Figure 2.Figure of Merit (ZT) of selected oxide materials.
As mentioned above, the layered complex oxides, such as Na0.50CoO221 and the extended family of misfit-layered oxides [MmA2O m+2]RSq [CoO2]H (M = Co, Bi, Pb, Tl, etc.; A = Ca, Sr, Ba, etc.; m = 0, 1, 2; q ≥ 0.5),22 have presented the highest ZT values for the oxides. In addition to being relatively good electrical conductors, the main reason for their performances are their high Seebeck coefficients (80 μV K-1 < S < 170 μV K-1) when compared to the conductivity due to a large spin- and orbital entropy of the tetravalent low-spin cobalt (Co4+) in the [CoO2] layer block.23
Zinc oxide (Prod. No. 204951), also known as a transparent conducting oxide (TCO) material, has received notable attention as a potential thermoelectric material. For example, Zn0.98Al0.02O thin films have shown a reasonably high ZT ~ 0.3 at T = 1273 K.24 This is mainly due to enhancement of the electrical conductivity, which is more than three orders of magnitude higher than the value of the unsubstituted material. ZT also benefits the Seebeck coefficient by staying at rather elevated values, such as S > 100 μV K-1 at 300 K < T < 1273 K, despite the charge-carrier doping through aluminum substitution.
The major advantages of the perovskites are their profound flexibility in terms of the constituent elements covering most of the periodic table, which provides a broad selection of material-property combinations to explore. While simple perovskite-type compounds with high Seebeck coefficients are normally good insulators and, as such, not very strong potential thermoelectric materials, fruitful compromises between the lowered S and ρ are achievable through aliovalent cation substitutions. The S2/ρ factor inside the ZT equation, commonly known as the power factor, is maximized by introducing charge carriers.25-27
Thermoelectric Engineering of the Perovskite Oxide Materials
The electron-band structure of the cubic perovskite close to the Fermi level (Ef) typically consists of transition metal (TM) d-orbitals mixing with O2p orbitals.

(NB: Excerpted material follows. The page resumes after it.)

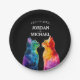 Celebrate love in full colour with this striking paper plate from the "Purrfectly Yours: A Rainbow Love Collection." Designed to honour joyful unions and unforgettable celebrations, this round plate features a bold black background that highlights the centerpiece — two watercolor rainbow cats lovingly gazing into each other’s eyes. The vivid blues, purples, reds, oranges, and yellows of the feline pair radiate warmth, connection, and pride.

Octahedral TM-O coordination splits the TM-d orbitals into two subsets: the triply degenerate t2g orbitals and the doubly degenerate eg orbitals. The landing of the Ef at either of these orbital sets depends on the d-electron population affected by the TM valence and the TM-O charge-transfer condition.28 Among the given candidates for the thermoelectric perovskite-oxide materials, the Fermi level resides across the t2g orbitals. Consequently, the relatively high degree of spin-degeneration has an improving effect on the effective mass of a single charge carrier29 leading to the detected high Seebeck values through an elevated charge carrier entropy. The aim of the substitutions is to lower the electrical resistivity by presenting additional charge carriers at Ef, while simultaneously conserving the feasible d-orbital degeneracy. Therefore, n-type materials are doped with electrons typically through substituting lower-valent cations of the conductive TM-O network with higher-valent ones. Conversely, for the p-type cobaltates, higher valent cations need to be substituted with lower-valent ones. Ideally, an appropriate substituent should not present major changes to the crystal-structure that would undermine either the orbital degeneracy through distortions of the octahedral TM-O coordination environment or the TMd-O2p orbital overlap through lattice distortions or expansions.19
Of the substituted perovskite compounds, substituted titanates Sr1-xAxTi1-yNbyO3 (A = Ca, La, Ba, Eu),19 manganates CaMn1-xNbxO3,8 and rare-earth cobaltates LnCo1-xNixO3 (Ln = La, Pr, Nd, Sm, Gd, Dy) present the most promising ZT values.12 The n-type conducting SrTiO3 is especially known for its structural flexibility over a wide range of substitutions. The record-high ZT ~ 0.37 at T = 1000 K among perovskite oxides is measured for the SrTi0.8Nb0.2O3 thin films,30 while ZT ~ 0.35 at T = 1073 K has been achieved for a hot-pressed bulk sample of the same composition.7 However, as titanium prefers to exist in its group valence state as Ti4+, the Nb5+ substitution-induced Ti3+ tends to re-oxidize at T > 600 K, rejecting the air-operating high-temperature applications.19 Manganates, also n-type conducting, present several stable oxidation states that make them useful when considering oxidizing atmospheres.19 The record ZT ~ 0.32 at T = 1060 K for the manganates was reached with the polycrystalline CaMn0.98Nb0.02O3.8 The formation of twinned structures of orthorhombically distorted domains at low-temperatures is characteristic for the CaMnO3-based systems, while a cubic symmetry, which improves the thermoelectric properties, is realized at a high temperature range.27 Lanthanide cobaltates present the p-type conductive materials among the thermoelectric perovskites. They are well-known for their thermally activated spin-state transitions, which can be affected by the Ln substituent. The maximum ZT values for all of them are rather similar, ranging from 0.07-0.08. However, a smaller radius of the substituent cation pushes the low-temperature, low-spin to intermediate-spin and pushes the high-temperature, intermediate-spin to high-spin transitions and towards even higher temperatures, which affects the temperature of the ZT maximum. Depending on the applied temperature range, the LnCoO3 with appropriate ZT may then be chosen.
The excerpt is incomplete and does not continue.